• PROBLEM TO SOLVE: Beginning with the line containing "GB/T 32289-2015: Quality" and going on through the line containing "Beeldje van een", the lines below are to be returned exactly, pictures excluded and nothing added.

• DATA IN THIS EXERCISE:

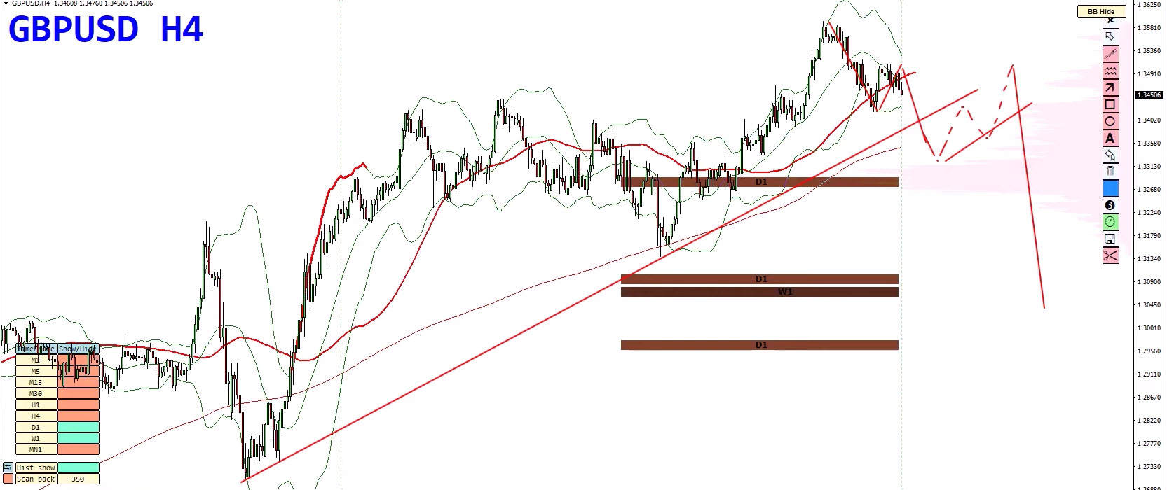 A false breakout, followed by a zigzag corrective structure and breakdown below the trendline, could lead to a deeper correction toward 1.32 or even 1.30.
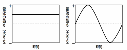 電池や車の電気は直流(左の図)で、電流の向きは一定です。車で家庭用の機器を使用するにはインバーターなどの変換機器が必要です。
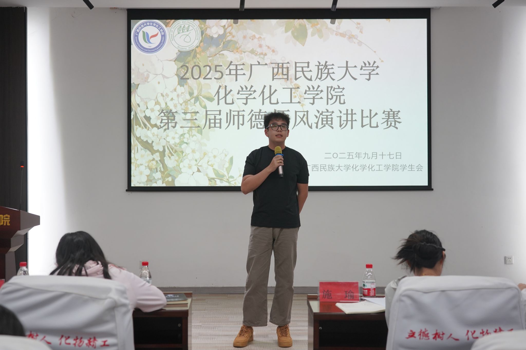 9月17日晚,化学化工学院在扬帆楼109会议室举办第三届师德师风演讲比赛。本次比赛由学院学生会学习部承办,学院辅导员施瑜、宋诗缘、管彤、李申桢、田一显和韩冰洁出席本次活动。
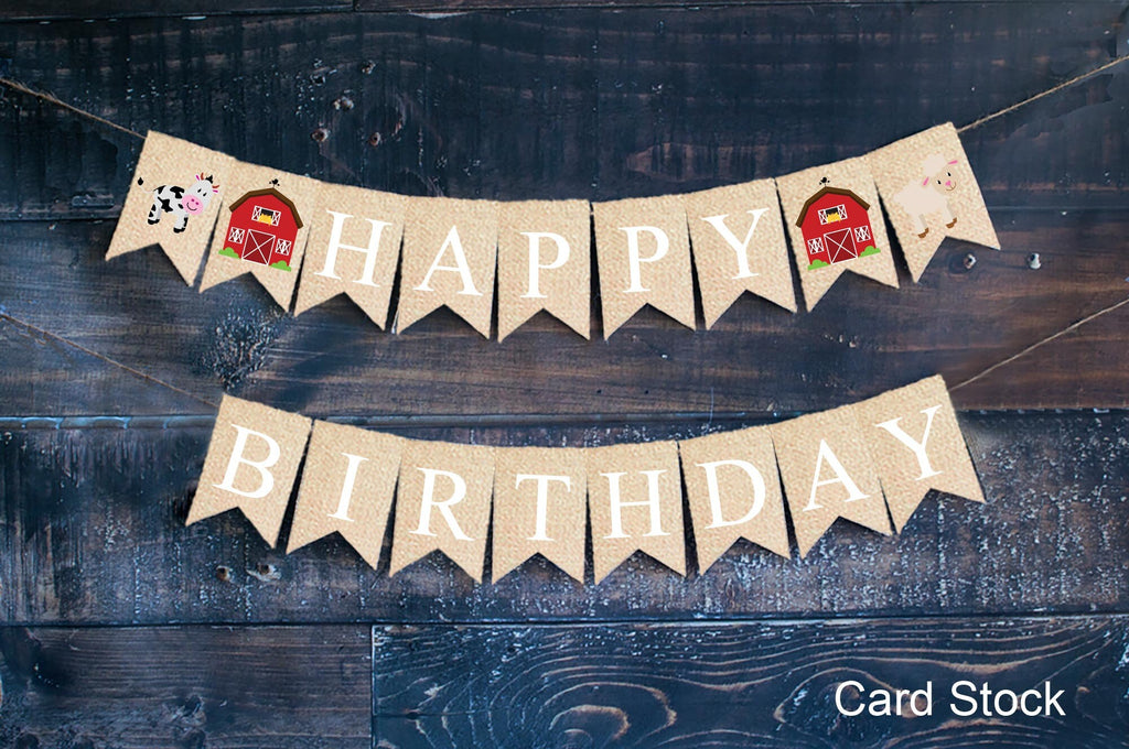 Barn Theme Happy Birthday Card Stock Banner | Farm Birthday Party Decorations
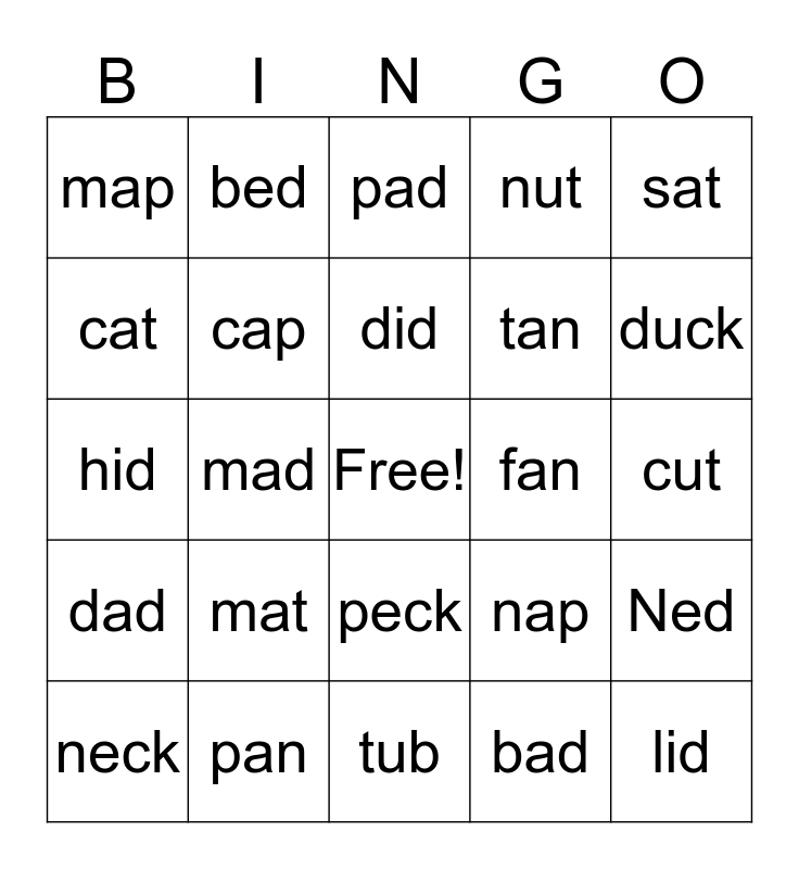 This bingo card has a free space and 24 words: mat, pan, did, neck, sat, map, cat, bed, fan, peck, tan, hid, nap, Ned, cap, bad, cut, pad, duck, mad, lid, dad, nut and tub.
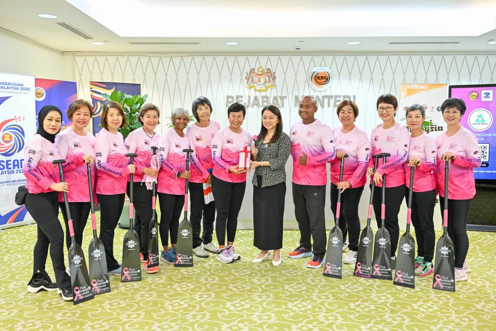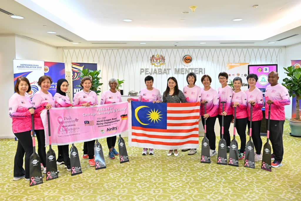 கோலாலம்பூர், 03 ஜூலை 2025 : மலேசியாவைச் சேர்ந்த 12 பெண்களுடன் கூடிய மார்பக புற்றுநோய் பேட்லர் (Breast Cancer Paddlers) குழுவிற்கு, ஜேர்மனியில் விரைவில் நடைபெறவுள்ள 17வது IDBF உலக டிராகன் போட் போட்டியில் பங்கேற்பதற்காக, மலேசியக் கொடியை (Jalur Gemilang) இளைஞர் மற்றும் விளையாட்டு துறை அமைச்சர் ஹன்னா யியோ பெருமையுடன் ஒப்படைத்தார்.
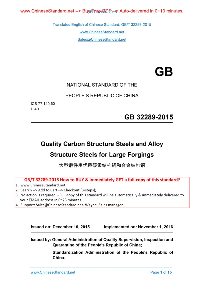 GB/T 32289-2015: Quality Carbon Structure Steels and Alloy Structure Steels for Large Forgings Delivery: 9 seconds. True-PDF full-copy in English & invoice will be downloaded + auto-delivered via email. See step-by-step procedure Status: Valid
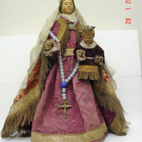 Beeldje van een madonna met kind in klederdracht met paarse mantel en kroontje. Christus met scharlaken mantel en kroontje. Glazen stolp ontbreekt.
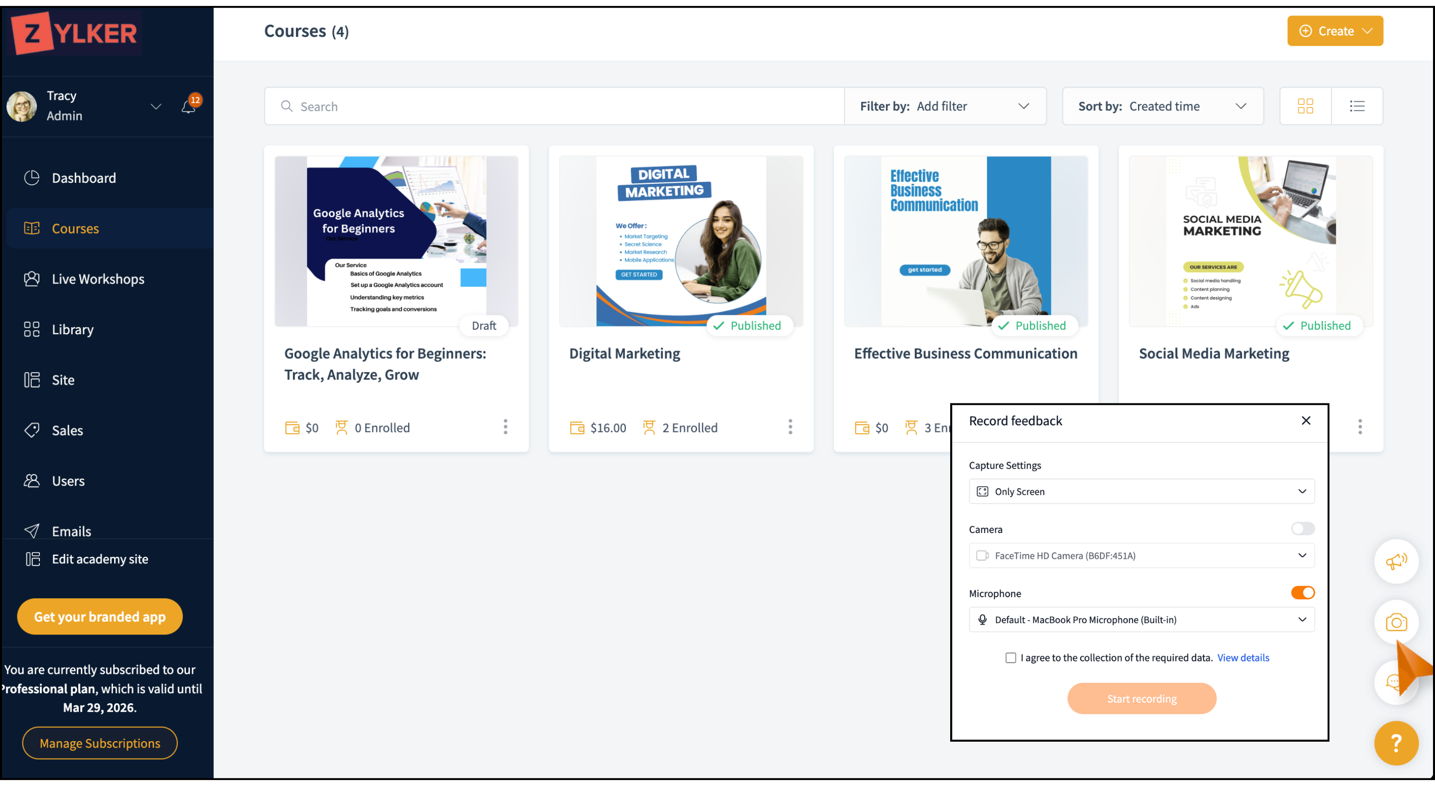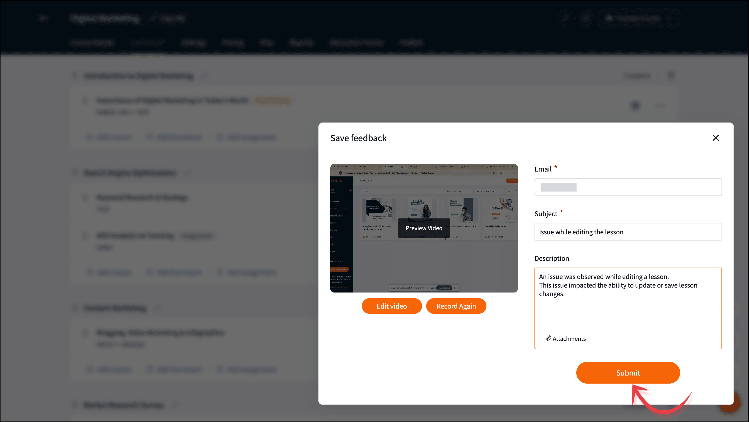 TrainerCentral enables you to report issues and provide visual feedback through contextual recordings. These issues and recordings are handled by TrainerCentral support team to enable faster and quicker solutions.

• RESPONSE BOX:
 GB/T 32289-2015: Quality Carbon Structure Steels and Alloy Structure Steels for Large Forgings Delivery: 9 seconds. True-PDF full-copy in English & invoice will be downloaded + auto-delivered via email. See step-by-step procedure Status: Valid
 Beeldje van een madonna met kind in klederdracht met paarse mantel en kroontje. Christus met scharlaken mantel en kroontje. Glazen stolp ontbreekt.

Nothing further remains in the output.